Kindness. The Hebrew word for kindness [chesed] is better defined by these three English words: kindness, goodness and faithfulness. Noah Webster was a contemporary of James Strong, author of Strong’s Concordance (the most widely used Bible translation tool). Since English is a living language and in a constant state of flux (think of how the definition of the word gay has changed in the last 20 years), it is helpful to look at Webster’s 1828 Dictionary to get a closer idea of what James Strong meant when he chose those words for his translation.
Kindness means good will; benevolence; that temper or disposition which delights in contributing to the happiness of others, which is exercised cheerfully in gratifying their wishes, supplying their wants or alleviating their distresses; benignity of nature. Kindness ever accompanies love. Goodness, according to Webster, is the state of being good; the physical qualities which constitute value, excellence or perfection; and the moral qualities which constitute Christian excellence; moral virtue; religion. Faithfulness is defined as fidelity; loyalty; firm adherence to allegiance and duty; as the faithfulness of a subject; Truth; veracity; as the faithfulness of God.
Stitching these together, Proverbs says, “What is wanted in a man is having the character qualities of benevolence (desiring good will for others and wishing for their happiness, supplying their wants or alleviating their distresses) of moral excellence and of virtue, loyalty, truth, and firm adherence to belief. Does that not conjure up a completely different picture? This is why it is so helpful to dig deeper into the Scriptures.
My friend Todd V is a walking, talking Proverbs 19:22 guy. Though he would probably vigorously deny it, eschewing public praise, to me he is a man’s man, steeped in kindness, goodness and faithfulness. Although life has not dealt him an easy hand, He plays his cards with the grace and humility of someone who has been touched by Jesus.
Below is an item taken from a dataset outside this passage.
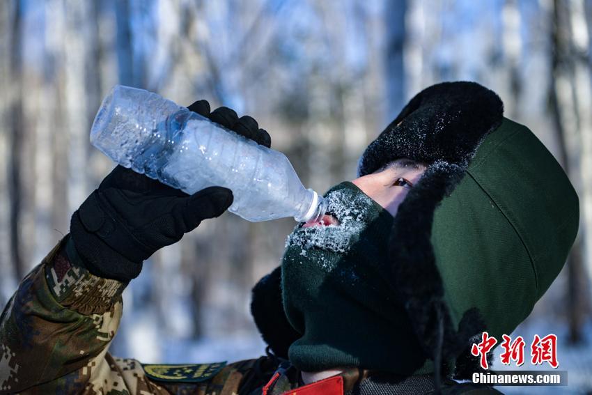 近日,武警吉林省总队机动支队全体开展了新年度野营拉练。拉练期间,官兵们在严寒恶劣天候条件下每天常态化徒步行军30公里,负重25公斤,穿插进行强行军、急行军、抢占高地、实弹射击、捕歼战斗等雪地综合科目。图为武警官兵在严寒中饮水。刘丰 摄

He puts the needs of others first, always has a kind and encouraging word, a welcoming smile and a heart to serve. And he never calls attention to himself or to what he is doing or how he is helping others. But if you watch him, he is always about God’s business.
Immersion is blessed to have men like Todd and the so many other great men- men of faith and virtue and excellence- who are taking the lead in Immersion, in their homes, churches, businesses and communities. How desperately the world needs them! And how desperately do we women need to see and applaud these great men as they step up and into their destinies. According to Webster, kindness ever accompanies love. I do not suppose it an easy task being a “kind” man in today’s harsh, demanding and unforgiving world. But as I said in the beginning, God doesn’t do things the normal or easy way, does He? And neither does He expect different from us.